### DATASET SECTION
───

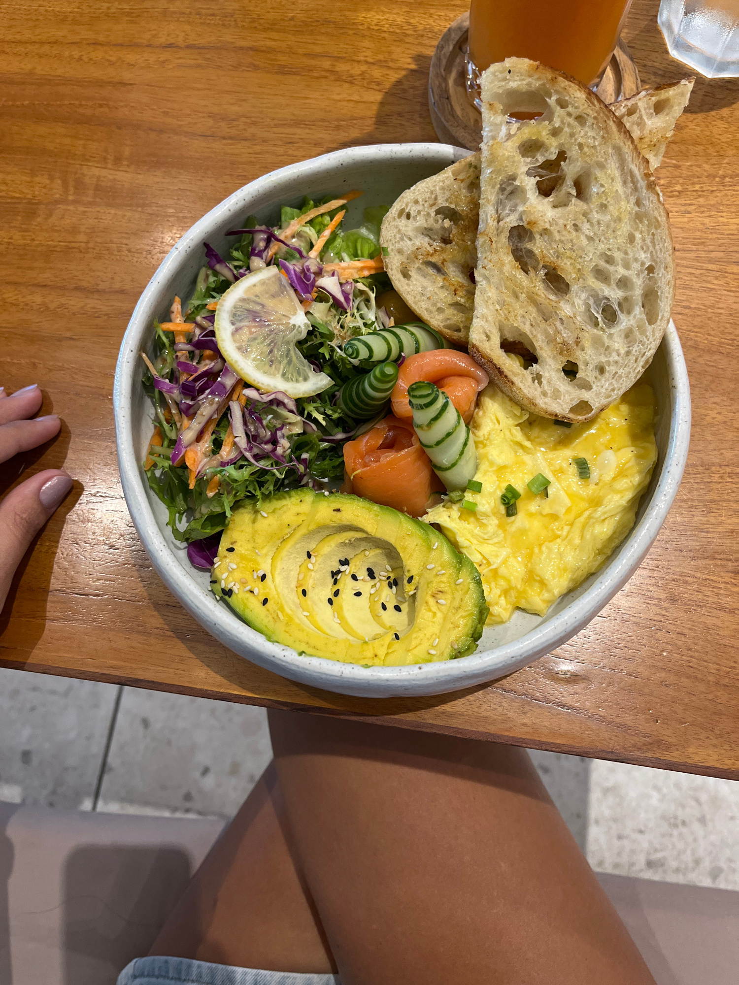 The image shows a breakfast bowl on a wooden table, likely in Kuta Selatan, Indonesia. The bowl contains scrambled eggs, sliced avocado with sesame seeds, smoked salmon, spiral-cut cucumbers, a slice…read more
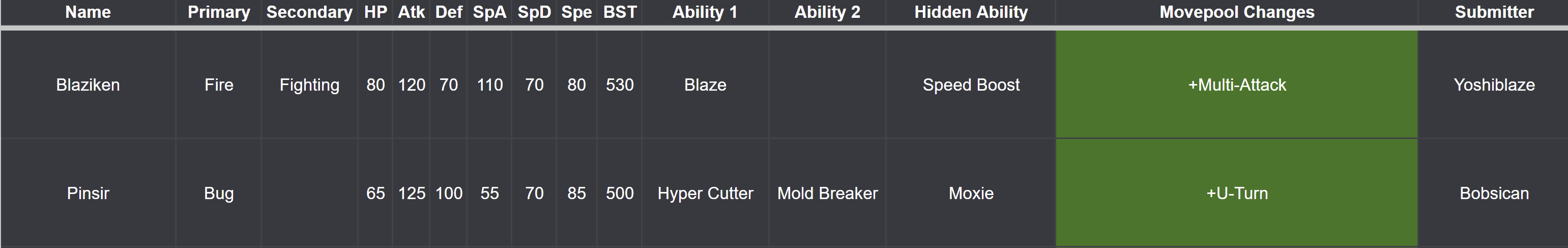 This slate, we got 2 Pokemon, Yoshiblaze and Bobsican with Blaziken and Pinsir respectively,
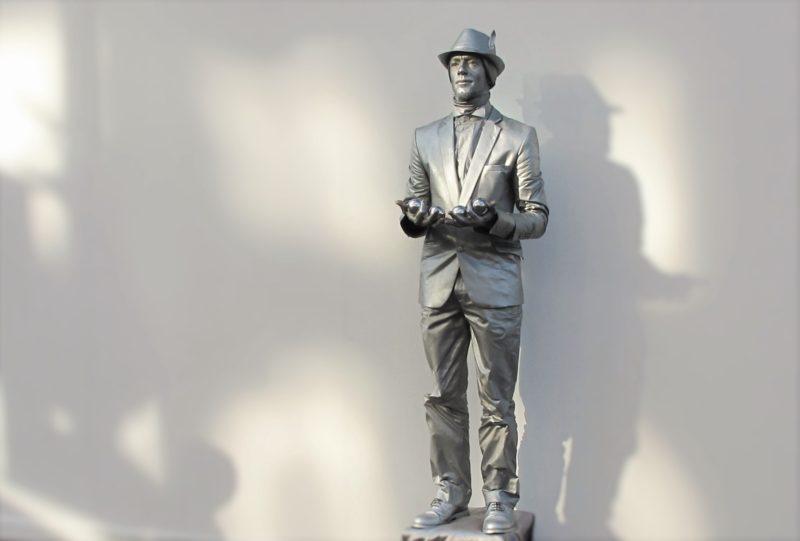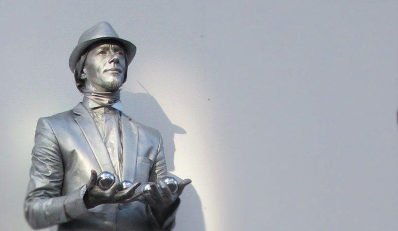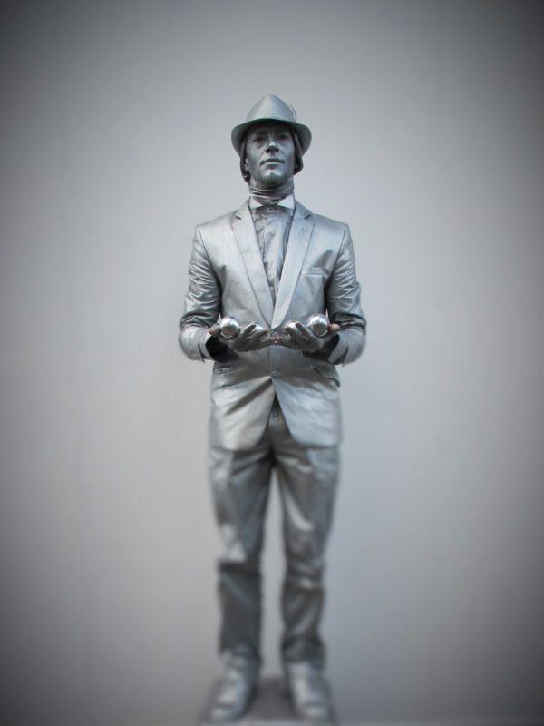 Monsieur Oliver Chrome and he is a living executive toy. The ultimate in opulence, for those who prefer manual entertainment to mechanical. He exists to entertain as this is his only function. He started life in the head office of a high powered New York business corporation, but soon grew tired of the dull and repetitive click-click-click motion of the standard executive toy, so decided to venture further afield and bring life to the four silver spheres that are the tools of his trade.

───

### YOUR TASK
Please quote the lines of the material, beginning with the first and ending with the one that contains "This slate, we", exactly as written and without any pictures.

### SOLUTION BELOW
 The image shows a breakfast bowl on a wooden table, likely in Kuta Selatan, Indonesia. The bowl contains scrambled eggs, sliced avocado with sesame seeds, smoked salmon, spiral-cut cucumbers, a slice…read more
 This slate, we got 2 Pokemon, Yoshiblaze and Bobsican with Blaziken and Pinsir respectively,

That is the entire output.